The process I envision is, take drum sounds, do a very high-resolution short-time FFT, throw away phase and resynthesize. The “throwing away phase” is probably most important here. Actually, resynthesis would go beyond just throwing away phase and taking inverse FFT’s – one can just use a bunch of sine oscillators (I’m guessing 4096, 8192, 16384…) centered at FFT bins, start all with zero phase and vary their amplitudes according to the magnitude spectrum. Don’t even worry about overlapping windows, inverse FFT’s, or anything that would attempt to reconstruct the original signal. Certainly don’t worry about computational efficiency.
The extremely high frequency resolution and hence low time resolution of the FFT has two effects: 1) masks transients (an old “acousmatic” effect from Pierre Schaeffer), so it’s not immediately obvious that the source material is drum samples; 2) creates a tension between the extreme high-fidelity of the analysis and the emphasis of artifacts in resynthesis.
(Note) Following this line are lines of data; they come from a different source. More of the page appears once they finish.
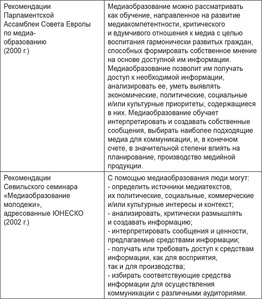 ЮНЕСКО, Совет Европы и другие международные организации неоднократно обращали внимание на просвещение и образование в сфере СМИ (см. табл. 3). Традиционные подходы к медиаобразованию менялись со временем[3]. Так, в 1970 гг. медиаобразование приобрело политический аспект, считалось, что на СМИ лежит ответственность за формирование политических взглядов. В 1980-1990 гг. главной стала защита детей (в Великобритании бытовало мнение, что средства массовой информации представляют «низкую» культуру, и могут разрушить ценности культуры «высокой», в США существовали опасения, что СМИ могут привить детям неприемлемые ценности и поведение). В начале XXI века акценты сместились в сторону развития творческих навыков и умений активной аудитории, особенно востребованных в условиях цифровой революции.
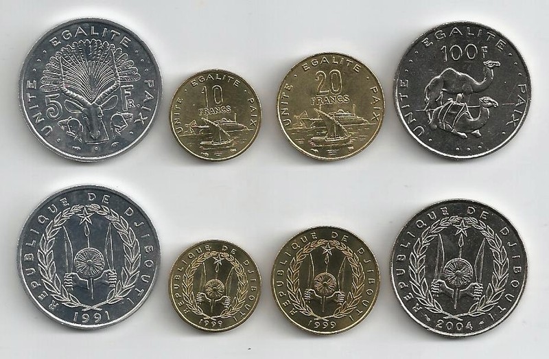 Coin: Djibouti 4 Coin Type Set Eland Head Boats Camels Uncirculated
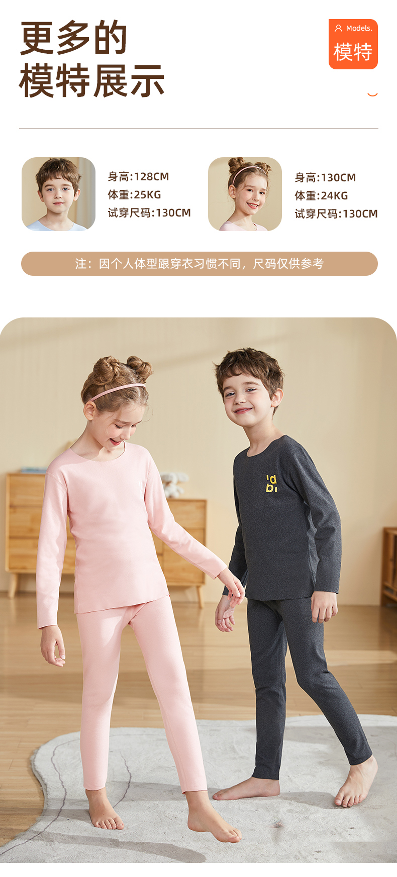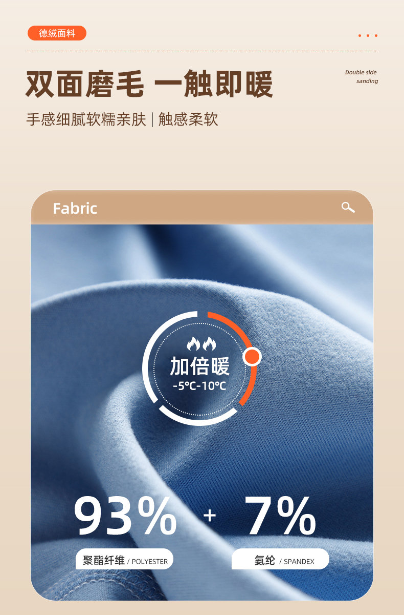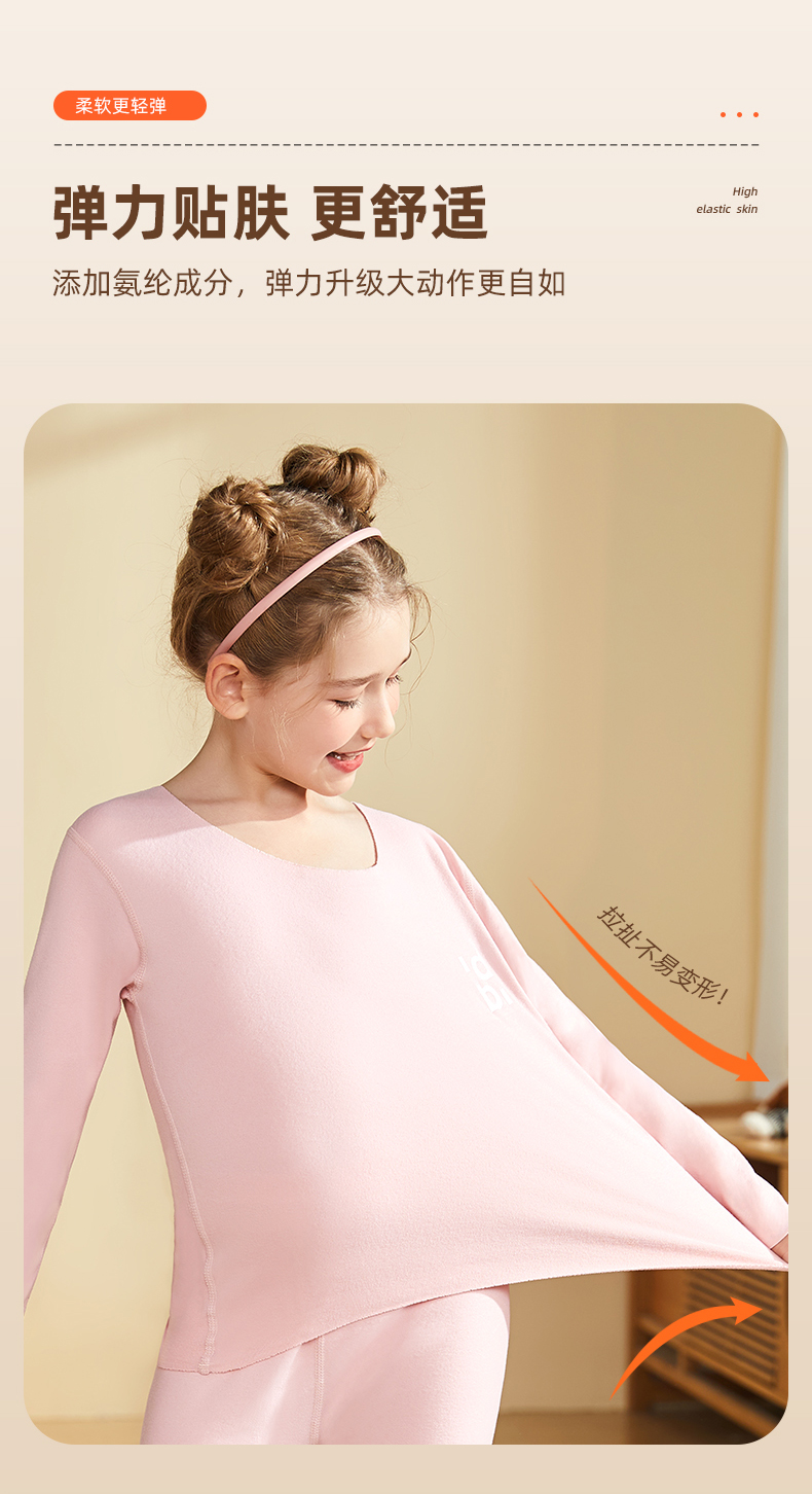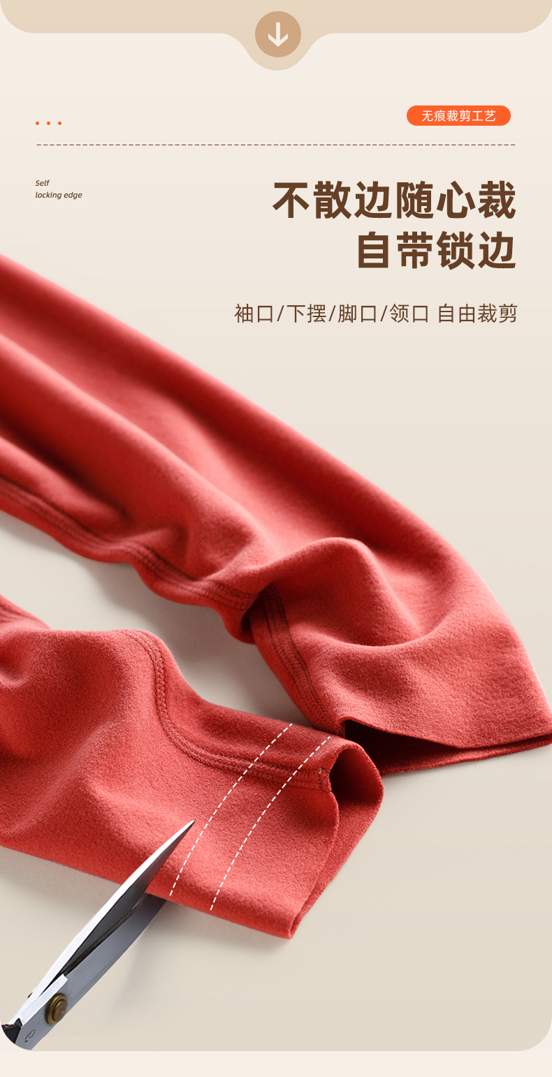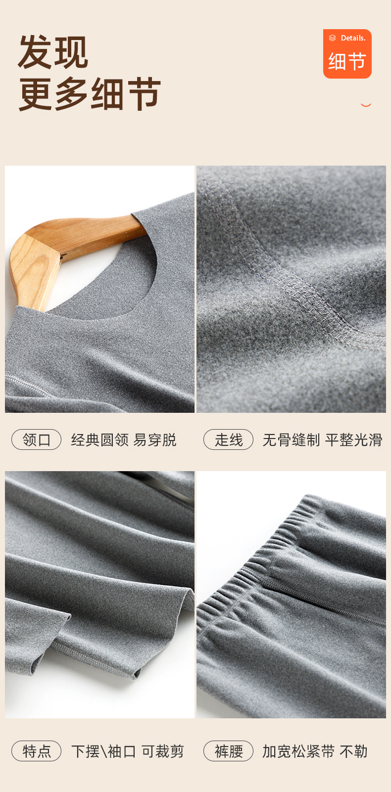 这款秋衣套装,面料成分为93%聚酯、混入7%的氨纶增加弹力,面料四面高弹,穿着贴身不易变形,双面磨绒,亲肤柔软,有优良的吸湿透气性,采用四针六线无骨缝纫,过度平滑,不磨皮肤,穿着更舒适,领口、袖口、脚口采用无痕工艺,可随意裁剪,秋冬保暖,打底无痕。
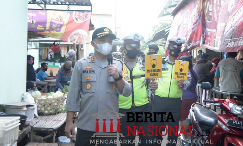 Kapolres Situbondo bersama jajarannya berkeliling di dalam pasar Sumberkolak Panarukan, Kabupaten Situbondo menyampaikan pesan-pesan kamtibmas tentang protokol kesehatan kepada pedagang dan pengunjung pasar.
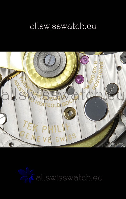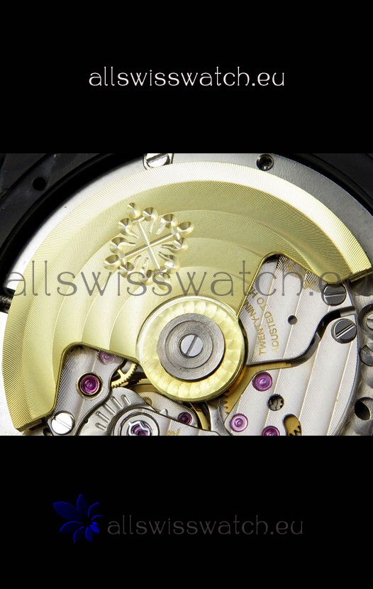 Genuine Swiss ETA9015 Movement Modified to Resemble the PATEK 324SC Movement. Aligned exactly like the Original Patek Philippe Movements with Updated Rotor
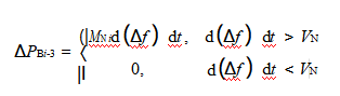 式中,ΔPBi-2为第i组储能单元虚拟正惯性出力功率值;MPi为该储能单元虚拟正惯性出力系数;d(Δf)∕dt为系统频率变化率;VP为虚拟正惯性频率变化率死区。

As well, and critically, there is a fundamental tension between both effects that grounds the entirety of Lazar’s approach.
Ordinarily in acousmatic treatments, according to Schaeffer;s basic idea, the “organic” nature of recorded sound brings forth a hospitable sound-world in which the listener can feel at home. This world is revealed once the event-origins of the original materials have been obscured. In other words, the listener is no longer distracted by recognizing drums, violins, trains, scrap metal and so on, and can become fully immersed in the pure abstract qualities of these sounds, qualities that are strangely inviting and familiar.
Critically though, the “uncanny” aspect of effect #2, an aspect that through the extreme high-fidelity analysis also masks its own origins, refuses the listener precisely this immersion and familiarity.
Instead of a world inviting and familiar, Lazar’s “negative acousmatic” brings forth a void, a non-world, something no less alluring (like a black hole) but in the end completely hostile to human presence.
It is as if the “uncanniness” of the uncanny valley were distilled, acousmatically severed from its origins in simulation, becoming pure and free-floating.